Family and Friends – In the earliest stages of smaller companies, family and friends are mostly the most logical place to source a fund. As these people already know and trust you, they care more about investing in you than the project itself.  

Crowdfunding – In this route, money is raised via the internet through different platforms, often in exchange for a “gift”. There is also no obligation of repayment or equity disbursements to entrepreneurs when they raise small amounts from many people in this type of funding. But, for more chances of success, it would be best to have a robust network of friends and family and essential marketing tactics. 

Venture capitalists – VCs are usually interested in sinking large amounts of money into the earlier stages of a company’s life cycle. They are also industry-specific. Thus, they invest in industries where they see massive potential for growth. 

Networking and Relationship Building Matters

It's important to build relationships with people from different backgrounds and cultures because it can open up new perspectives.

Investors are often sceptical of taking risks on people they do not know. They do not invest in businesses that have not yet demonstrated proof of concept. They also want to prevent taking years before they see a return on their investment. 

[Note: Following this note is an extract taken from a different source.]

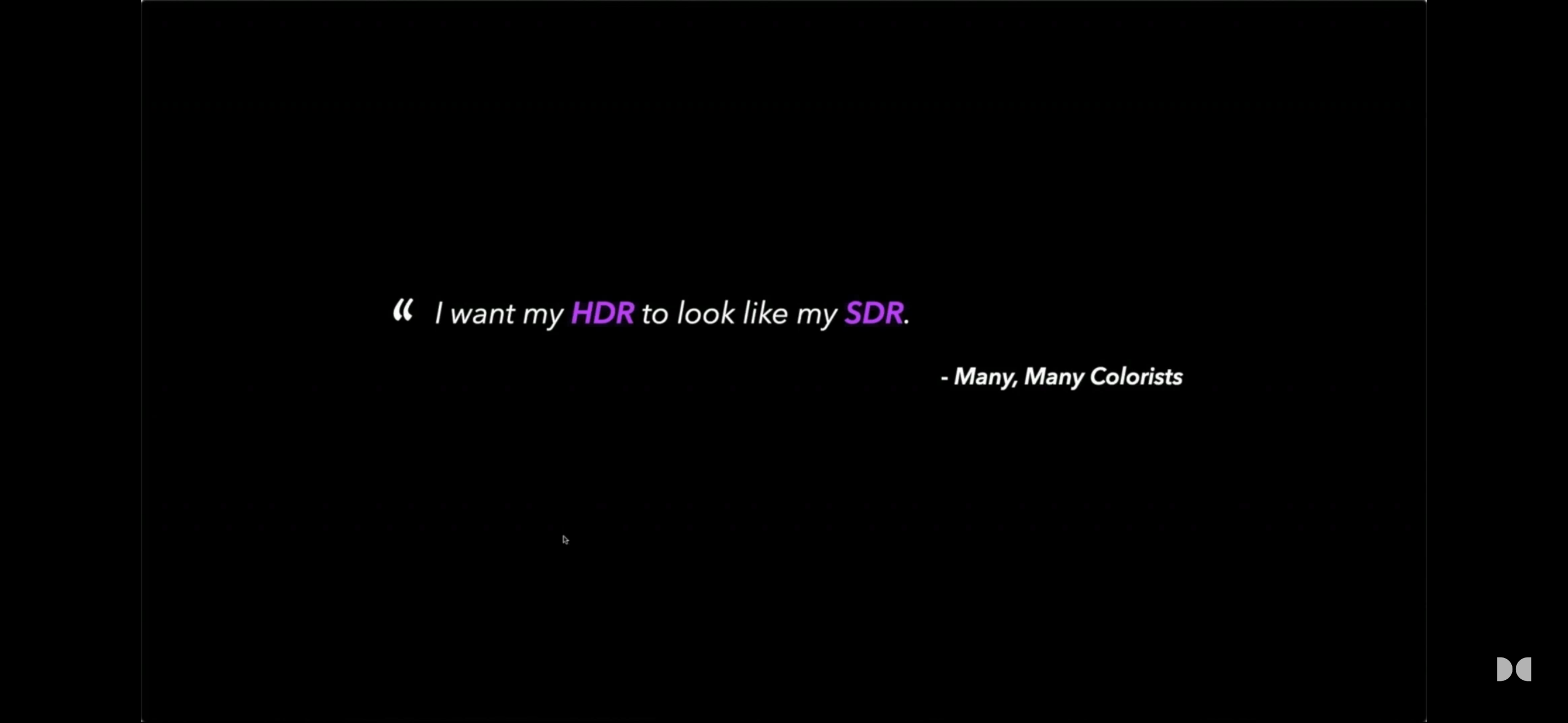 For Siragusano, the desire for invertibility is symptomatic of a failure to engage with the process. If you can grade in SDR and “invert” to HDR, you never have to learn HDR’s grammar. You never have to make creative decisions for HDR. This attitude is exemplified by Joshua Pines, who frames the “problem” as HDR and SDR looking different. His solution: make them the same:

So to counteract this phenomenon, you must focus on building relationships by employing the assistance of individuals with an established presence in your industry. For instance, alumni networks, fraternity networks, and small business development centres are helpful for business relationships. It can help open doors for your business toward more prominent investors.

Sell Yourself

A business professor from Harvard stated that when receiving a business plan, he usually reads the resume section first. Without the right team, none of the other parts matter. It only means that investors are not always investing in a business but in people. So take time to pinpoint how you can effectively sell your team’s capabilities. 

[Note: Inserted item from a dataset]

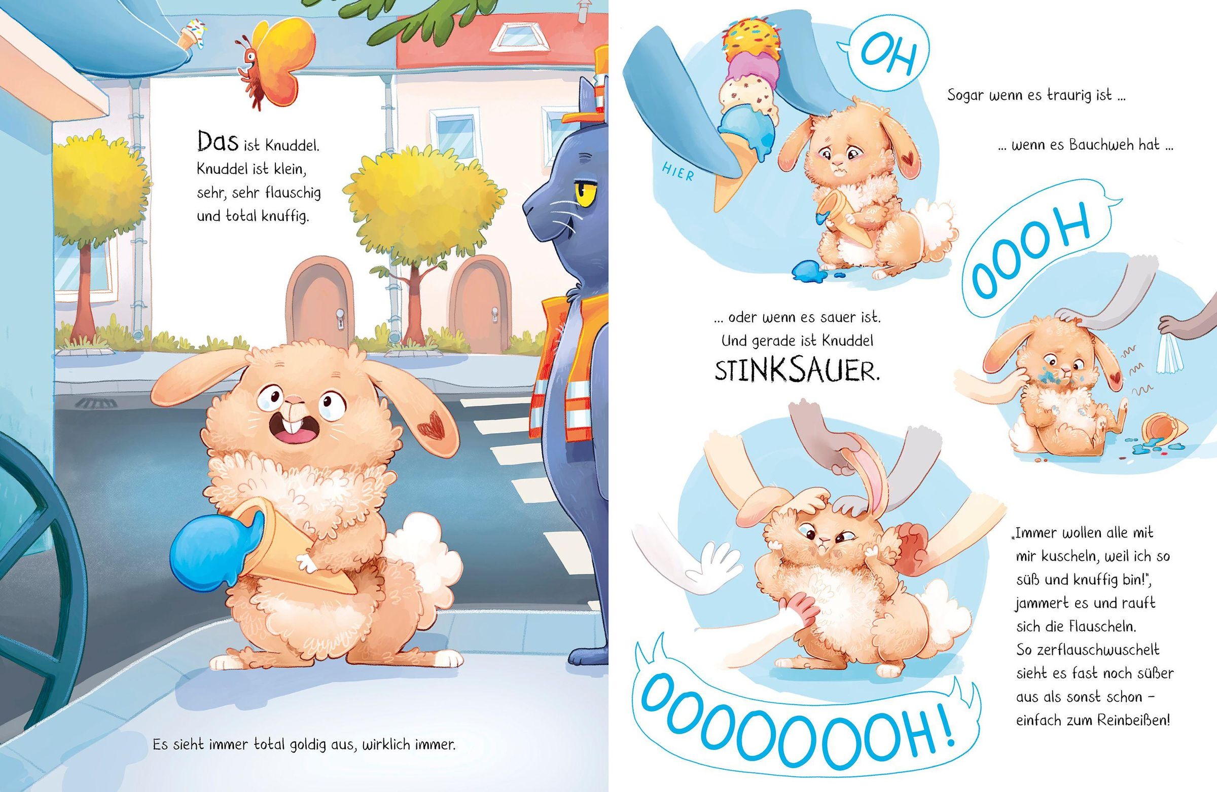 Stell dir das süßeste, knuffigste, kuschligste Häschen aller Zeiten vor. Hast du's vor Augen? Ist es auch flauschig genug? Gut. Das ist Knuddel. Knuddel ist so goldig, dass man ihn einfach liebhaben muss. Aber - Knuddel kann das gar nicht leiden! Blöd, dass man sein zartes Stimmchen kaum hören kann, wenn es wieder mal umarmt wird. Was macht man da nur? Knuddel hat ein paar Ideen ...

Showcase Your Company’s Value

In other cases, investors would also want to discern whether you can build an engine that runs at scale. So you have to demonstrate the value of your goods or services. Then, outline an actionable strategy you will deploy to grow it for a successful capital injection. 

Reach Out To Many As Possible

Closing a deal with investors is also a numbers game. So even if the likelihood of receiving dozens of no’s from your pitch comes, the more people you connect to, the better your opportunities to find someone that perfectly matches your business ideals and vision.  

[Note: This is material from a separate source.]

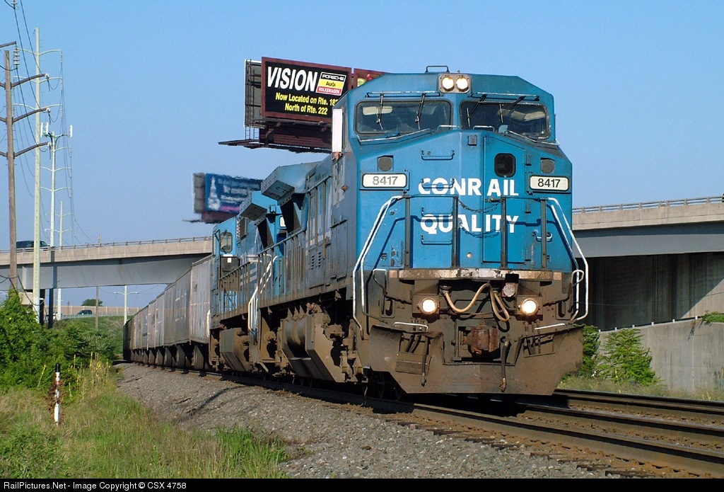 | Former Conrail Q unit strikes a pose in the early morning at Wyomissing. Another CRQ dash 8 is assisting the 8417 in pulling the roadrailer train eastward to Bethlehem via the NS Harrisburg Line, then the Reading Line. |

Although, in this number game, one must also consider being strategic. An article from CrunchBase recommended that for every 100 investors you contact, you will foster five genuine conversations. And that’s why you must not randomly cast tons of lines. Instead, you must target your list toward investors that actually work in your sector. 

Conclusion

Raising capital for a startup is the process of acquiring financial resources to start or continue the operation of a business.

Raising capital for a startup can be a tiring and painstaking process. You will inevitably face rejection and setbacks, especially if you don’t approach fundraising from a well-thought-of position. But have no fear! Integrating these helpful methods can help you seal the deal.